Towards Unifying Feature Attribution and Counterfactual Explanations:
Different Means to the Same End
- URL: http://arxiv.org/abs/2011.04917v3
- Date: Sat, 29 May 2021 17:49:39 GMT
- Title: Towards Unifying Feature Attribution and Counterfactual Explanations:
Different Means to the Same End
- Authors: Ramaravind Kommiya Mothilal and Divyat Mahajan and Chenhao Tan and
Amit Sharma
- Abstract summary: We present a method to generate feature attribution explanations from a set of counterfactual examples.
We show how counterfactual examples can be used to evaluate the goodness of an attribution-based explanation in terms of its necessity and sufficiency.

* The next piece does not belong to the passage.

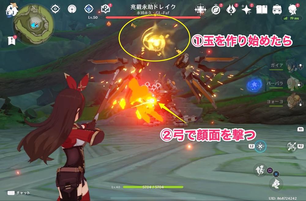 兆載永劫ドレイクが玉を作り始めたら、弓で顔を撃つ
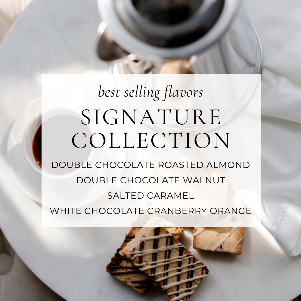 Elevate your gift giving and make your recipient feel truly special with our selection of gifts that not only are beautiful, but they are filled with our best-selling biscotti or cookies.

- Score: 17.226134854746267
- License: http://arxiv.org/licenses/nonexclusive-distrib/1.0/
- Abstract: Feature attributions and counterfactual explanations are popular approaches
to explain a ML model. The former assigns an importance score to each input
feature, while the latter provides input examples with minimal changes to alter
the model's predictions. To unify these approaches, we provide an
interpretation based on the actual causality framework and present two key
results in terms of their use. First, we present a method to generate feature
attribution explanations from a set of counterfactual examples. These feature
attributions convey how important a feature is to changing the classification
outcome of a model, especially on whether a subset of features is necessary
and/or sufficient for that change, which attribution-based methods are unable
to provide. Second, we show how counterfactual examples can be used to evaluate
the goodness of an attribution-based explanation in terms of its necessity and
sufficiency. As a result, we highlight the complementarity of these two
approaches. Our evaluation on three benchmark datasets - Adult-Income,
LendingClub, and German-Credit - confirms the complementarity. Feature
attribution methods like LIME and SHAP and counterfactual explanation methods
like Wachter et al. and DiCE often do not agree on feature importance rankings.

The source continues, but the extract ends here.